Several factors are taken into account when deciding if a cow will be given another chance including age, udder health, overall health and pedigree value. But the difference in cost of continuing to feed a cow for nine months versus raising a calf as a replacement for two years is most important.

Finding labour used to be challenging but in the past year there has been an increase in the number of people who have expressed an interest in working on the farm. The creamery appears to be a drawcard but there are still problems finding the right people.

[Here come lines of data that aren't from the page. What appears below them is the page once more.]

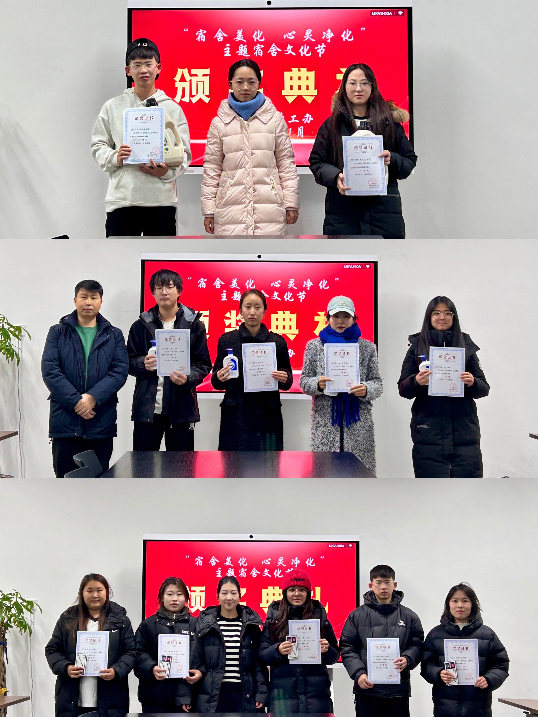 本次宿舍评比涵盖宿舍卫生环境、物品摆放规范、电器合规使用、宿舍成员和谐相处等多个方面,旨在综合评估宿舍的卫生、安全和文化建设。经宿管阿姨评分、学生会生活部评分及学院老师评分,最终共评出一等奖3间宿舍,二等奖5间宿舍 ,三等奖6间宿舍。
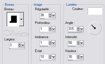 5 - Image/Ajouter des bordures : 2 pixels couleur blancheSélectionner avec la baguette magique Effets/Effets 3d/Biseautage Intérieur :
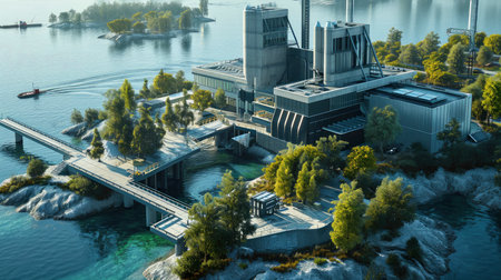 Modern Hydrogen Power Plant Infrastructure on a Bright Day with Piping and Storage Tanks

“We need people who enjoy interacting with others and helping but they also need to understand food safety. There are lots of people with retail and food experience but not as many with animal handling experience,” Jennissen says.

Jer-Lindy runs at a high labour cost in relation to the herd size and production but Jennissen says the tourist venture is time-consuming.  

Typically, a worker is paid US$12-$16 an hour (about NZ$18-$24).

A government insurance scheme protects the milk price. Jennissen acknowledges it must be a balancing act between the government support and driving production.

“The new Farm Bill is generous compared to the previous one.”

“I am excited for the subsidies and have locked in 40% of 2020’s milk.”

The family is enthusiastic about what lies ahead for Jer-Lindy and Redhead Creamery.  

Their cheeses have won many awards and sales are growing 20% annually.  

Sjostrum says they are shifting their focus more to agritourism, which they never anticipated.

“Demand and interest will continue to evolve our business and we will do our best to remain flexible in response to the market while continuing to follow our life goals and values.”